In this tutorial, we'll explore one of the fundamental RabbitMQ patterns: Work Queues (also known as Task Queues). Work queues are used to distribute time-consuming tasks among multiple workers, preventing immediate execution of resource-intensive tasks and avoiding potential system overload.

What Are Work Queues?

Work queues provide a way to distribute tasks among multiple workers, similar to load balancing in web servers.
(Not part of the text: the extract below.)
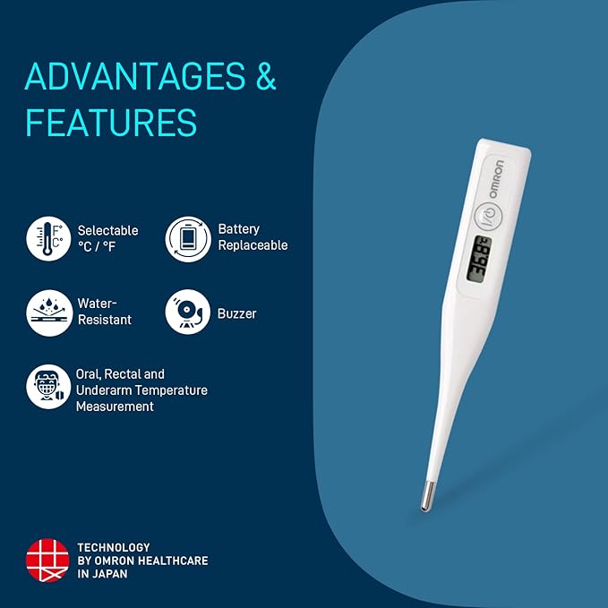 Omron’s MC-246 delivers medical-grade accuracy with user-friendly features, making it ideal for home, travel, or clinical use. Its 60-second response time, dual-scale display (°C/°F), and water-resistant design ensure reliable temperature monitoring for all ages.

They are particularly useful for resource-intensive operations that you don't want to perform immediately or within the main application thread.

The main idea is simple:

  1. A producer creates tasks and sends them to a queue
  2. Workers pick up tasks from the queue and process them
  3. Multiple workers can run simultaneously, consuming tasks in parallel

Let's build a simple work queue system to understand how it works in practice.

Prerequisites

Before we begin, make sure you have:

  • RabbitMQ server installed and running
  • Node.js installed (we'll use the amqplib package)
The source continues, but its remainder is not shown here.